VMware vSphere  is the Universal Application Platform of choice for deployment of all kinds of applications – from end-user virtual desktops to very large databases, machine learning systems and in-memory data management systems. vSphere 6.7  became generally available in April 2018. This article describes a set of use cases and a demonstration for a new feature in vSphere 6.7 related to GPU use in virtual machines.

The techniques described here were tested at VMware and at customer sites where they are deployed today. The new vSphere 6.7 feature that we focus on here allows the user to suspend a virtual machine workload that is NVIDIA Grid vGPU enabled on a host server for some period of time and then allows the same virtual machine to be resumed from that point at a later time. This enables the use of the virtualized GPU in different contexts, for completely different applications from machine learning to graphics processing, over time. An example of this would be using a set of GPUs for graphics acceleration on virtual desktop VMs during regular work hours and then using the same GPUs for machine learning  virtual machines in the evening and night time hours.

Background 

A GPU (Graphics Processing Unit) is a programmable logic chip (processor) that was initially designed for high performance graphics on personal computers. GPUs were initially built in order to render images, animations and video for computer graphics. High-end GPUs have thousands of processor cores compared to traditional CPUs that have tens of cores. GPUs be used for speeding up massively parallel mathematical operations and processing. For that last reason, they have become very popular in the fields of machine learning and deep learning.

Enterprise Uses of GPUs

Virtual Desktops

NVIDIA, in collaboration with VMware, has helped move advanced graphics functionality from the individual workstation to the data center, making immersive 3D graphics available to remote users via virtual desktops. This solution enables users with the most demanding graphics needs, such as 3D engineering applications, to take advantage of the superior computing, storage, and networking power of the data center while freeing them from the limitations of the physical workstation. It also provides enterprises much better control over where their sensitive intellectual property is getting worked on, by keeping it in the datacenter instead on employees’ personal devices.
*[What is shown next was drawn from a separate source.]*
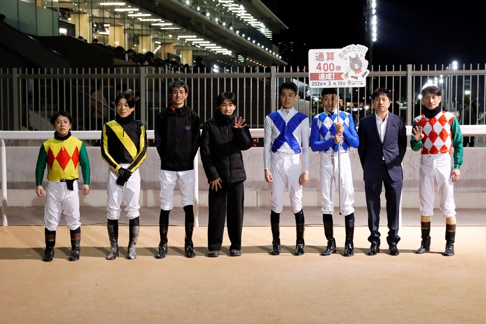 船橋競馬所属 山田 信大(やまだ のぶひろ)調教師が、本日(令和8年2月10日)、令和7年度第11回船橋競馬第2日第8レースにおいて、管理馬「タカオスマイル」で通算400勝を達成いたしましたのでお知らせします。

General Purpose GPUs (GPGPUs)

A general-purpose GPU (GPGPU) is a graphics processing unit (GPU) that performs non-specialized calculations that would typically be conducted by the CPU (central processing unit).  Some application areas include facial recognition in images, medical diagnosis in MRIs, robotics, automobile safety, and text and speech recognition. The use of GPUs for handling massive floating-point computation that can be parallelized on many cores is a strong trend in the high performance computing (HPC) virtualization and cloud area, particularly for accelerating deep learning workloads.

GPU Support in vSphere

vSphere Virtualization has been in the forefront of infrastructure optimization and sharing for traditional CPU based workloads. The use of GPUs in virtual machines has been supported since vSphere 5.5, through VMware vSphere’s DirectPath I/O technology, while NVIDIA GRID vGPUTM has been enabled since vSphere 6.0.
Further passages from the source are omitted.